IBM Data Science Capstone Project - The Battle of Neighborhoods in Vancouver
Author: Haoyu Su
Updated: August 17, 2020
Introduction
Vancouver, a bustling west coat seaport, is full of business opportunities. Millions of tourists come here every year to enjoy the beautiful scenery. So there are always unlimited possibilities for those who want to open their own restraurant. The biggest challenge they are facing is which location is the best that has relatively small competition, large passenger flow and good surrounding resources. To solve this question, the project is going to segment neighborhoods in Vancouver using a popular clustering technique, trying to figure out a solution for potential restaurant investors.
Data
The neighborhood data is scraped from Wekipedia and corresponding coordinates are obtained using geocoder, and all data of venues in each neighborhoods is returned by Foursquare API. There are 20 official neighborhoods and 510 venues in Vancouver, which will be the main research objects.
Methods
Several techniques are applied for data acquisition, data proprocessing and model development in Python.
Data Acquisition
The list of official neighborhoods is found on Wekipedia which is scraped using BeautifulSoup and Requests packages with Python. The corresponding coordinates of each neighborhoods are obtained using geocoder. All venure information is returned by Foursquare API.
Data Preprocessing
Venue Category, a categorical feature is transformed to numeric features by using one-hot encoding. The frequency of each venue category in each neighborhood is calculated to be used as key features in neighborhood segementation. And the top 10 most common venues category are identified for each neighborhood.
Model Development
The unsupervised machine learning technique Kmean is used to cluster similar neighborhoods. Elbow plot is used to find the optimal number of clusters. Folium is used to visualize those resulting clusters on the map.
Result
Please refer to here to see the whole analysis and interactive visualization.
EDA
Figure 1 shows the number of venues in each neighborhood and Figure 2 shows the relative frequency of top 10 most common venues in each neighborhood. There are the most number of vanues in Downtown while the least number of venues Killarney.

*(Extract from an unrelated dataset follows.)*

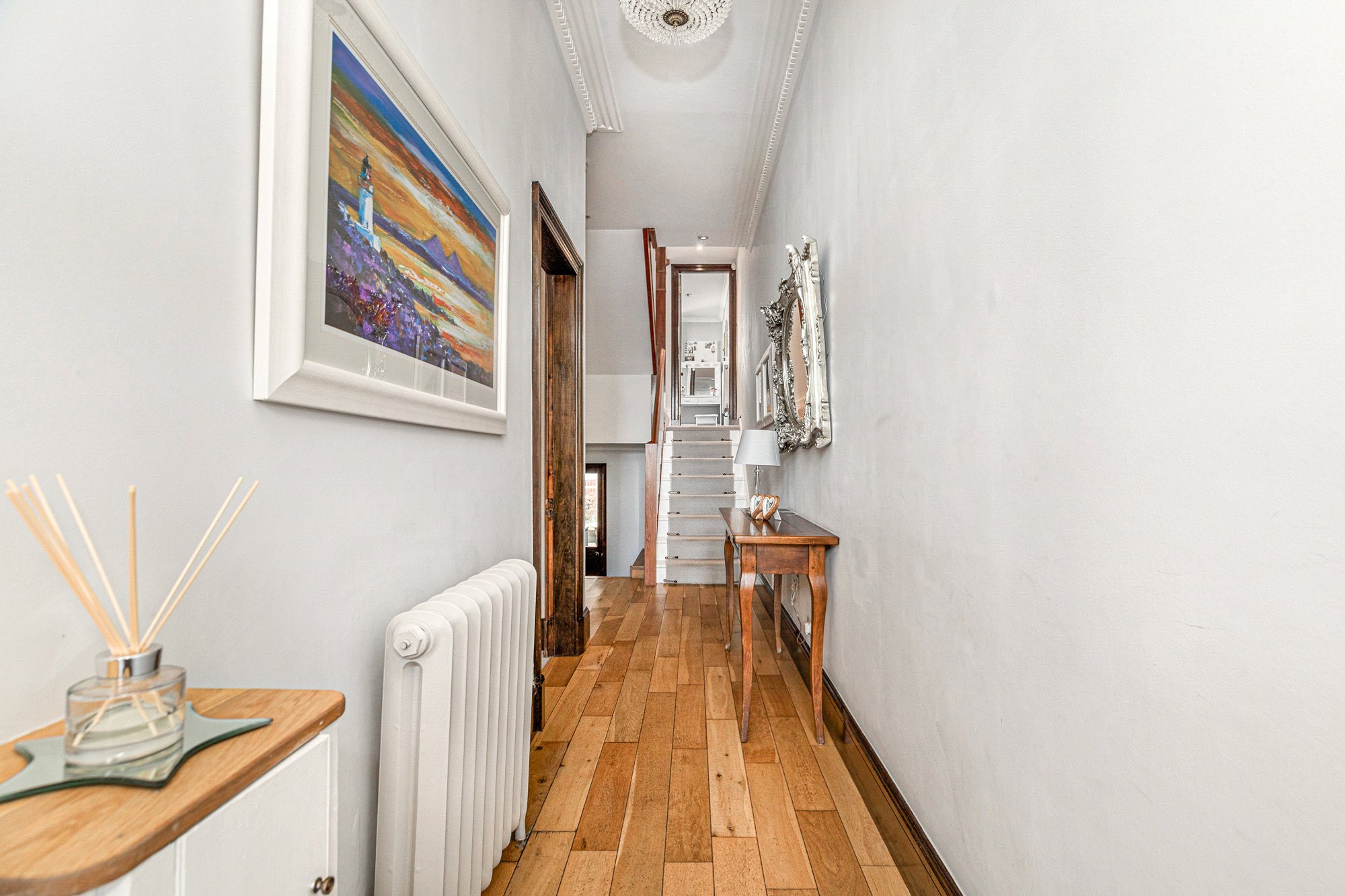 Having the significant advantage of being within list 1 catchment for Jordanhill school, 34 King Edward Road is a classic Edwardian end terraced villa and is in superb order throughout. The property has been enhanced by the addition of a rear stone clad pitched roof extension which complements the internal and external aspects of this exceptional home. Whilst the property has undergone refurbishment, many of the original features have been retained such as sash and case style windows, stained glass panels, ceiling cornices and restored internal doors.

Figure 1. The number of venues in each neighborhood

Figure 2. The frequency of top 10 venues in each neighborhood
Clustering
Given the elbow plot shown in Figure 3, the kmeans will segement all neighborhoods in 5 clusters. The result of clustering is shown in Table 1.

Figure 3. Elbow plot
Discussion
Neighborhoods in cluster 1 (purple) and cluster 2 (blue) are full of different kinds of restraurants. Japanese and Chinese restaurants are mostly located in cluster 1 while French Restaurants are mostly located in cluster 2. Cluster 1 includes downtown vancouver with a high volume of people flow and relative large competition while cluster 2 is a little far from downtown but will have less rents. Other clusters have less restaurant but cluster 3 has a lot of Café and Coffee shop which is a good place to open dessert restaurants. Therefore if you have enough money, I would recommand you to open restaurants in neighborhoods closer to downtown in cluster 1 such a Downtown, South Cambie and Oakridge. But if you don’t have enough money and want to have less stress of peer competition, I would recommand you to open restaurants in neighborhoods relatively from Downtown in cluster 1 or other neighborhoods in cluster 2 or cluster 3.
Figure 4. Neighborhood segmentation result
Conclusion
This project applied the kmeans technique to successfully segement 20 neighborhoods into 5 clusters. Some useful suggestions on opening restaurants are given based on the cluster result. More analysis can be done using more information such as neighborhoods’ GDP and population.